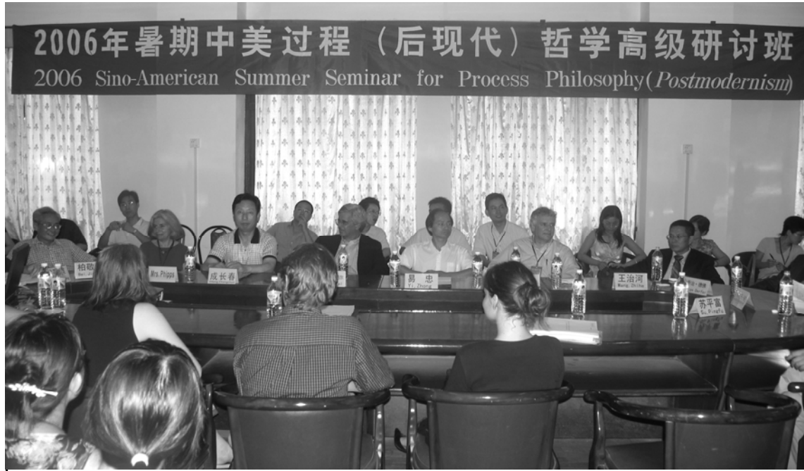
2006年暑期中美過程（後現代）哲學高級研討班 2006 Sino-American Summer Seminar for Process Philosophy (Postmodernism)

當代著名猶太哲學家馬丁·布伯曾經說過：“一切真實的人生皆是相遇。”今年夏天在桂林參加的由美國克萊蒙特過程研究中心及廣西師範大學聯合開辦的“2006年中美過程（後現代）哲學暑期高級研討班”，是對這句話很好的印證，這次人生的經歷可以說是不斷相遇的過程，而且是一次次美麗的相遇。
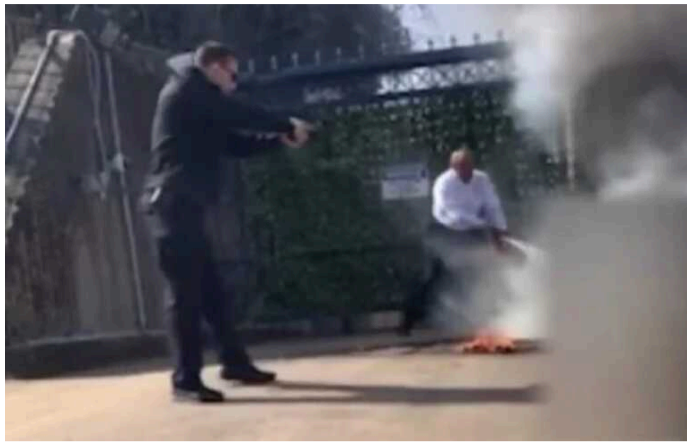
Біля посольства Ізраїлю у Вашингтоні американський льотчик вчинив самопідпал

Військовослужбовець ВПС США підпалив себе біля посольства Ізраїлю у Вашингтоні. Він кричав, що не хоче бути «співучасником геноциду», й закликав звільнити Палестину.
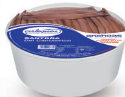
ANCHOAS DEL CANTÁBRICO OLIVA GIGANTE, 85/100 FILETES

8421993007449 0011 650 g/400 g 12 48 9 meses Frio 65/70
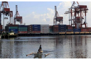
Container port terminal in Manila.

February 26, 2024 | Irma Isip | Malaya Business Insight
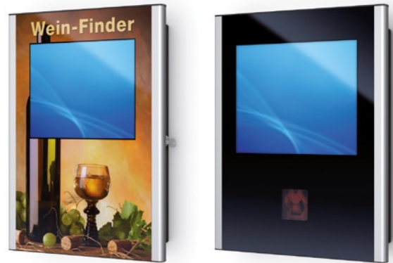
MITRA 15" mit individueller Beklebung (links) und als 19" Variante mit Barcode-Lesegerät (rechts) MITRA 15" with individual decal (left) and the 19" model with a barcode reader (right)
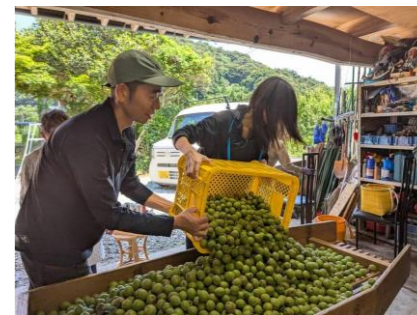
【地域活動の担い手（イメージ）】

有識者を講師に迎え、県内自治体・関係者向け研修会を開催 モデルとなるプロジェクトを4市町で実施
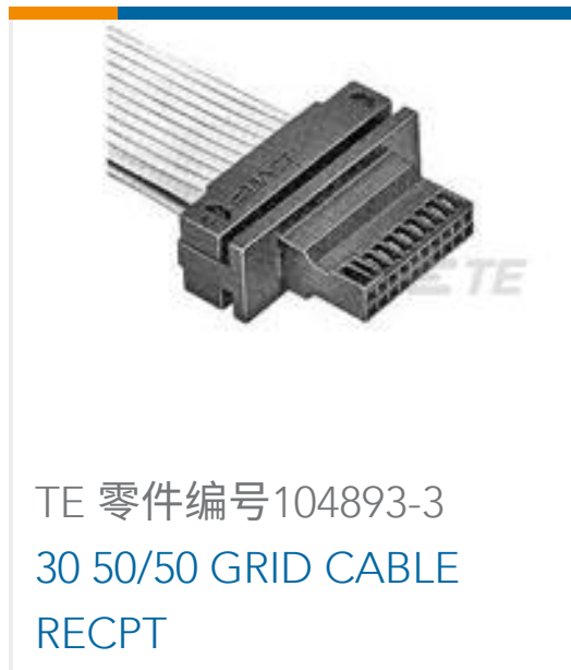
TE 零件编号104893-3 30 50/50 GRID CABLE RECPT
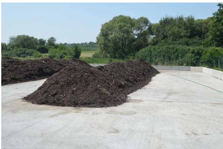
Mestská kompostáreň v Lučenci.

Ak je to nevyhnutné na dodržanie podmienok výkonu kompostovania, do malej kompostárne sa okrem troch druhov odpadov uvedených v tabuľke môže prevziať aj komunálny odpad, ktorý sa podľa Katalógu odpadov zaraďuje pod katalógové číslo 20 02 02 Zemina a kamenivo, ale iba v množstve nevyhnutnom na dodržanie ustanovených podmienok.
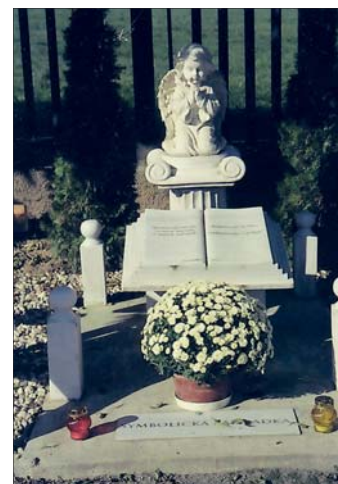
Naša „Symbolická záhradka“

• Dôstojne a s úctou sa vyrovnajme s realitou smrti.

**PROBLEM DETAILS**
Only the lines from the one containing "February 26, 2024" through the final line of the data should be given again, exactly and without pictures.

**ANSWER TO THIS EXERCISE**
February 26, 2024 | Irma Isip | Malaya Business Insight
MITRA 15" mit individueller Beklebung (links) und als 19" Variante mit Barcode-Lesegerät (rechts) MITRA 15" with individual decal (left) and the 19" model with a barcode reader (right)
【地域活動の担い手（イメージ）】

有識者を講師に迎え、県内自治体・関係者向け研修会を開催 モデルとなるプロジェクトを4市町で実施
TE 零件编号104893-3 30 50/50 GRID CABLE RECPT
Mestská kompostáreň v Lučenci.

Ak je to nevyhnutné na dodržanie podmienok výkonu kompostovania, do malej kompostárne sa okrem troch druhov odpadov uvedených v tabuľke môže prevziať aj komunálny odpad, ktorý sa podľa Katalógu odpadov zaraďuje pod katalógové číslo 20 02 02 Zemina a kamenivo, ale iba v množstve nevyhnutnom na dodržanie ustanovených podmienok.
Naša „Symbolická záhradka“

• Dôstojne a s úctou sa vyrovnajme s realitou smrti.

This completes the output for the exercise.